Sanlam agreed to annual requests for medical evidence.

In another matter, the complainant Ms W had a mastectomy for breast cancer in November 2017. She had chemotherapy from December 2017 until June 2018. Temporary disability was granted in November 2017. Radiotherapy was completed in August 2018.

On 18 December 2018 Ms W wrote to the Ombudsman complaining that Liberty had refused to give her a copy of an occupational therapist’s report as she wanted to understand how she could improve her mental impairment. After the complaint was lodged with the Ombudsman, the report was provided to Ms W.
In March 2019, Ms W had a second mastectomy. In May 2019, she wrote to the Ombudsman complaining that she had issues with Liberty’s complaints department which did not respond to her many emails and telephone calls.

“They are making ridiculous requests while I am homebound after major surgery. Their Occupational Therapist recommended that I cannot return to work for six months but they only granted disability leave of three months.

“They’ve now asked for detailed oncologist and psychologist reports although neither of these doctors were involved in the recent major surgery. Every email from Liberty is sent by a different person.

“They are treating me badly at an extremely difficult period of my life. This is causing extreme stress, headaches, worry and emotional damage.”

After the matter was taken up by the Ombudsman, Liberty admitted to poor handling of the complainant’s claim and complaint and offered her R2500 compensation which the complainant rejected.
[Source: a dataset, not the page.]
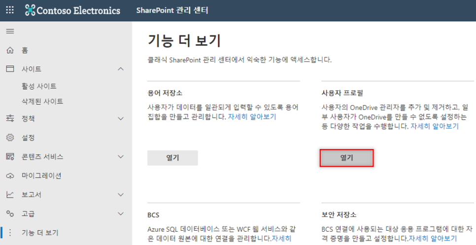 3. [사용자 프로필]에서 [열기]를 선택합니다.

The adjudicator meeting noted: “The R2500 compensation is in our view far short of what should be paid in this matter. At a time when Ms W was stressed and ill, Liberty’s poor handling of her claim and complaint added to her distress. The often nonsensical and contradictory answers that Liberty gave to questions and requests added to Ms W’s frustration. Right from the start, when Liberty refused to give her the occupational therapist’s report, Liberty has been unhelpful in the handling of her claim and the complaint.”
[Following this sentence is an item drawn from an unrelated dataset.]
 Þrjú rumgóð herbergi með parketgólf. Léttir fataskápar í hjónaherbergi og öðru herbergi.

The matter was then discussed at a compensation committee meeting and a provisional determination was made for an award of R15 000 which the insurer did not accept and instead offered R10 000. The complainant did not accept the amount.

Giving her reasons for rejecting the offer of R10 000, Ms W stated the difficulties of undergoing cancer treatment, especially chemotherapy. Her immune system was severely compromised.
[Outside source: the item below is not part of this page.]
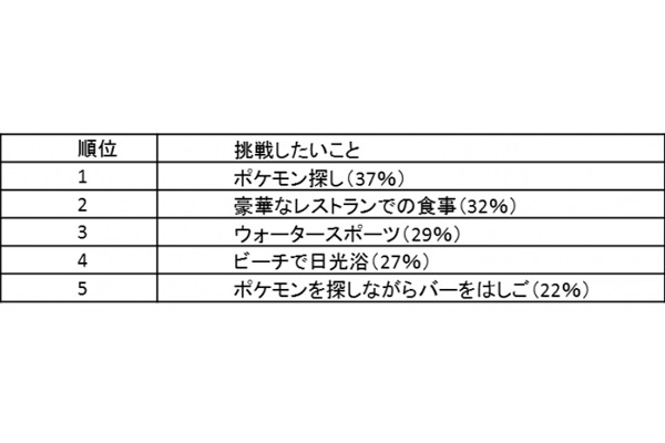 さらに、「次の休暇中に挑戦したいこと」のランキングでは「ポケモン探し」が37%を占め、第1位となった。また、「ポケモンを探しながらバーをはしごして楽しみたい」と回答した人も5位で22%に上る。また、49%の回答者は、「ポケモンを探すために、旅行先のランドマークとなる有名な建物の探索に、これまでの旅行と比べて、より多くの時間を費やすであろう」と回答している。

“Liberty has continuously made as if I am exaggerating the situation and been booked off excessively.”

She said the way she had been treated by Liberty necessitated her having psychiatric assistance.

“Liberty gave the impression I am making this up and it is not as serious. They have made me feel like a hypochondriac. I have had to borrow money to pay my obligations due to Liberty taking so long to approve the claim.

“I hope and pray Liberty is not doing this to other cancer patients at this terrible time. If you are on chemotherapy, you have a compromised immune system and Covid-19 would be a death sentence.”

In the final determination, the Ombudsman said Liberty had not stated why it could not adhere to the request to pay Ms W R15 000 as compensation.

“Liberty had also not responded to Ms W’s further submissions as to why she could not accept their offer. The lack of reason by Liberty for its non-adherence to the provisional determination is further evidence of the perfunctory handling of this complaint,” said the Ombudsman, adding that Liberty was not complying with the Treating Customers Fairly rules.

The provisional determination that R15 000 compensation must be paid to Mrs W was confirmed as a final determination.

Liberty paid the R15 000 compensation.